Why Your Dumb New Year’s Resolutions Never Last (and why mine WILL)
Ah, there’s nothing like the dreaded “So, what’s your New Year’s resolution this year?”
When people ask this question, the answer will most likely be one of four things:
Start working out
Eat healthier
Pursue a new skill/hobby
Save more money
By mid-February, about 80% of New Year’s resolutions have already failed (lol).

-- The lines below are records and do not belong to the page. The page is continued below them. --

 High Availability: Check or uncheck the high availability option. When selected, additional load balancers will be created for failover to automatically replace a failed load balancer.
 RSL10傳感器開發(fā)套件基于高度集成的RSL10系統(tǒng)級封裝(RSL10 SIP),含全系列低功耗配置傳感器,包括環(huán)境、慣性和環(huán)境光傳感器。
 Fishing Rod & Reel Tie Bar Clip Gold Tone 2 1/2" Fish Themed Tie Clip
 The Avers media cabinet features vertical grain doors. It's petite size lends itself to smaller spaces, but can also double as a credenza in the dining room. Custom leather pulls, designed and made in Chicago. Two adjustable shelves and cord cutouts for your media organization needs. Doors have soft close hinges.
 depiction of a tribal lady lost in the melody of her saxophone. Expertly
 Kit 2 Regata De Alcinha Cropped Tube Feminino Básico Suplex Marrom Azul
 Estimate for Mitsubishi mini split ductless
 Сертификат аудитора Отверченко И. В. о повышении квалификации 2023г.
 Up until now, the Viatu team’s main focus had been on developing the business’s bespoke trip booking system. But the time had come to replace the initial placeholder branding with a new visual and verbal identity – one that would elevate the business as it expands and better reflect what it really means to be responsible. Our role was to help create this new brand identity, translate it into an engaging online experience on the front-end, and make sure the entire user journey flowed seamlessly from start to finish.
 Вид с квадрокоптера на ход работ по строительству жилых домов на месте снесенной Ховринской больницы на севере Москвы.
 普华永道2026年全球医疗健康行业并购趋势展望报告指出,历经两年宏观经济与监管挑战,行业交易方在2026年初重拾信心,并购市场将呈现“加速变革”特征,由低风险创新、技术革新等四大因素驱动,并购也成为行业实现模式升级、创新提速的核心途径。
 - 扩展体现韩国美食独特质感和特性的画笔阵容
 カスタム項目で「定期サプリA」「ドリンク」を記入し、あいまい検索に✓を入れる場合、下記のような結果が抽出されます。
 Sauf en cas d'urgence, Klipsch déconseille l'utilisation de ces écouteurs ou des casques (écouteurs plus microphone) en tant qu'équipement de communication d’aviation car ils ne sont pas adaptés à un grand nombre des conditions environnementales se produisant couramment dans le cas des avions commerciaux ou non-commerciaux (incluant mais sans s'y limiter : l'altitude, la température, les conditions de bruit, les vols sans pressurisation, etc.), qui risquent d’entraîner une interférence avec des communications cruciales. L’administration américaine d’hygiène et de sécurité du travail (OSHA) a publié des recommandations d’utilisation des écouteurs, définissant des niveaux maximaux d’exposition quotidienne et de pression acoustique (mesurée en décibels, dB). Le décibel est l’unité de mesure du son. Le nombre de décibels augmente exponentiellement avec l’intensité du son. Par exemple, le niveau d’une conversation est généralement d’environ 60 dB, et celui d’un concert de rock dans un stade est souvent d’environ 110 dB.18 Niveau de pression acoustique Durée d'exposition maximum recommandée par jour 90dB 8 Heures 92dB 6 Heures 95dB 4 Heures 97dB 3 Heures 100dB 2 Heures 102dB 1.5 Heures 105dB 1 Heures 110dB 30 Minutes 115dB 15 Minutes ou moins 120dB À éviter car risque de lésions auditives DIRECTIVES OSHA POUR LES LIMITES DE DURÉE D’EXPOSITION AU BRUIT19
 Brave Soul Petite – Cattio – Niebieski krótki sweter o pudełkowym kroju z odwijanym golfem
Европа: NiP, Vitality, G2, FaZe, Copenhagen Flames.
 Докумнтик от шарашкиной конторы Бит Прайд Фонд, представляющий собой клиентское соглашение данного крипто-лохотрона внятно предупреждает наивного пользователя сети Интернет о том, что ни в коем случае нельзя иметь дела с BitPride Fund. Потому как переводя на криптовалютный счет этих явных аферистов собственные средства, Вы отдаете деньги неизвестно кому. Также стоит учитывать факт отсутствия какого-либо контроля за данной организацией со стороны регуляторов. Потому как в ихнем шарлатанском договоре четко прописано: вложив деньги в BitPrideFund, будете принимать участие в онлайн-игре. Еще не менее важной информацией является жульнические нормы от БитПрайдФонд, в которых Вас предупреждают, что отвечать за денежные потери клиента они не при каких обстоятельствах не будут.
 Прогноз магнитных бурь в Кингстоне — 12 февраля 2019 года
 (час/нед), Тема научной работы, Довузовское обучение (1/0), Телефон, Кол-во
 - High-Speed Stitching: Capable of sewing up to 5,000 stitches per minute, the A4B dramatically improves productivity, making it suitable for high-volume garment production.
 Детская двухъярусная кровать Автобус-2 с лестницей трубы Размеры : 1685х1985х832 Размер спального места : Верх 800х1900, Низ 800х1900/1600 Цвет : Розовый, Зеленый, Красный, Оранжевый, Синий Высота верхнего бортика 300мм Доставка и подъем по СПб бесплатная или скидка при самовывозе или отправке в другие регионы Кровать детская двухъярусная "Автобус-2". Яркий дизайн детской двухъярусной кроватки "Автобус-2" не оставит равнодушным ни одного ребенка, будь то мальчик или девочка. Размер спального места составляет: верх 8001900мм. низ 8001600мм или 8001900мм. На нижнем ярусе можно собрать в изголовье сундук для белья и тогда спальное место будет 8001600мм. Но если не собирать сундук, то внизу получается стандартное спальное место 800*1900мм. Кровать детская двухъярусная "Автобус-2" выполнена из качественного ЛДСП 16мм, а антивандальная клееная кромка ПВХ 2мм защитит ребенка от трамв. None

Here’s the issue: we shouldn't be thinking of a resolution for the sake of “tradition.”
It’s evident that everyone — even the New Year’s resolution naysayers (me) — feels this overwhelming pressure to stir up a resolution by the time the clock strikes 12 on Jan 1st. It’s become a global tradition and we almost feel like a failure if we don’t have a goal in mind.
Your goals should start during a change in your life — during a season of growth. While the new year is metaphorically a great time to turn a new leaf, it has to come naturally. You don’t NEED to have a resolution ready by a specific date. Start it when it makes sense.
Think about the time in your life at this very moment. What is something that’s been holding you back from your highest potential? What is something you’ve been so afraid of for most of your life? What is something you can’t live without that you need to free yourself from?
Dig deep and tune into your higher self. Figure out what THAT version of yourself is telling you to change. This could be a multitude of things.
Why do we think SO big yet so vague?
Instead of thinking about things like losing weight or saving more money — think about what needs to happen within you to make those changes. What’s holding you back from going to the gym and eating better? Probably a lack of motivation. What’s holding you back from saving more money? Most likely a lack of self-control. THESE are the things to work on.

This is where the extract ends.